Form and self-healing
In the depths of sadness and despair, I would walk out into those snowy fields regularly. Making tracks helped me to confirm I was still here, and to show, if only to myself at first, I was still interested in purpose and meaning.
There was a certain therapeutic value to this work, based simply on letting out whatever was there inside. I allowed all the hurt and confusion to lead me over the snowy field.
The real value of a poetry practice to me in the heat of my despair was when I started to make sense of the tracks I'd made by using form. Form enabled me to regulate the wild, emotional energy, partially confining or containing it. Then I was no longer overwhelmed, and it was easier to make sense of where the tracks lead, and what the glade in the wood meant.
Form helped me to distance myself from the power of the emotions I was feeling. The best way I can describe this is to compare this to Chernobyl.
The reactor cores melted and, from the shattered and broken reactor house, lethal radiation pours into the air. To approach it directly is dangerous, and likely to be toxic.

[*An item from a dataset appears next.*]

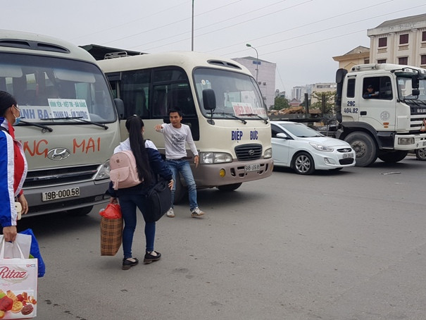Trên đường Phạm Văn Đồng, các xe khách hiên ngang bắt khách dọc đường bất chấp cảnh ùn tắc.
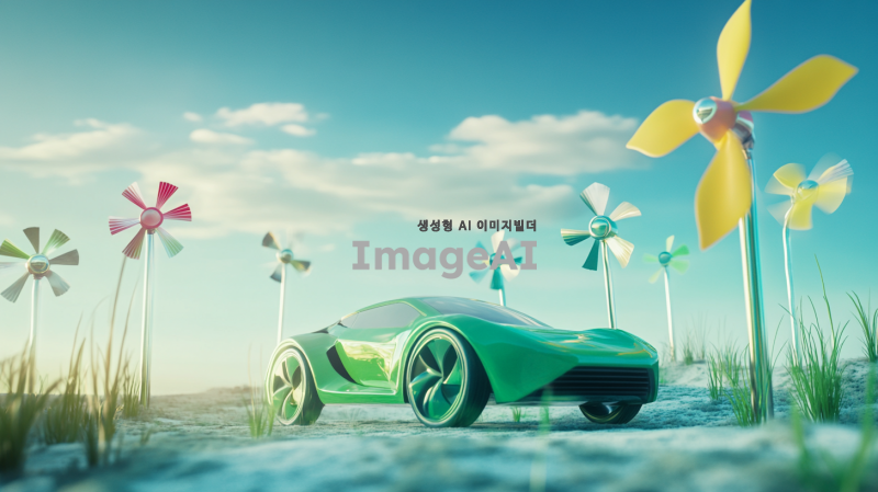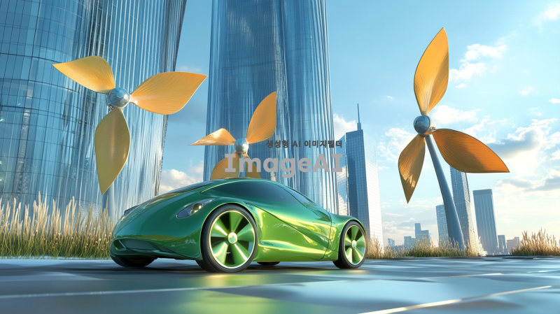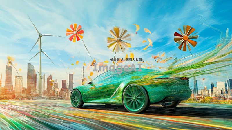 초록색 풍력자동차가 바람을 이용해 달리는 모습, 현대적인 디자인과 친환경적인 요소가 강조된 차량, 푸른 하늘과 맑은 자연 배경, 바람개비와 함께하는 풍력 발전의 상징적인 이미지, 미래 지향적인 도시 풍경과 조화롭게 어우러진 장면.

I must build a shield and then a container to approach the fire's source more safely.
Certainly, if I am inviting anyone else to approach the inferno, I have a responsibility to lead them to a room with a safe observation window.
Poetry, Purpose and Meaning
Writing poetry in the midst of despair or other distressing human condition, is partly about honouring what it means to be human. Being human means being in a relationship with time.
Some philosophers (e.g. Heidigger) believe that the source of all discontent and unhappiness is the awareness of our own mortaility. As we know our time is finite, they argue, any loss of purpose or meaning has an existential quality.
Writing poetry helps to derive meaning from our suffering. This is what all artists do, and poetry is no different. By reflecting on our discontents and translating the emotional and intellectual landscapes (snowy fields) into something beautiful and memorable, is meaningful and the attempt to do is purposeful.
There are stages in most lives when the purpose and meaning of a life can be questioned. In those moments, it can be useful to turn (or return) to a writing practice and walk out into the snowy field.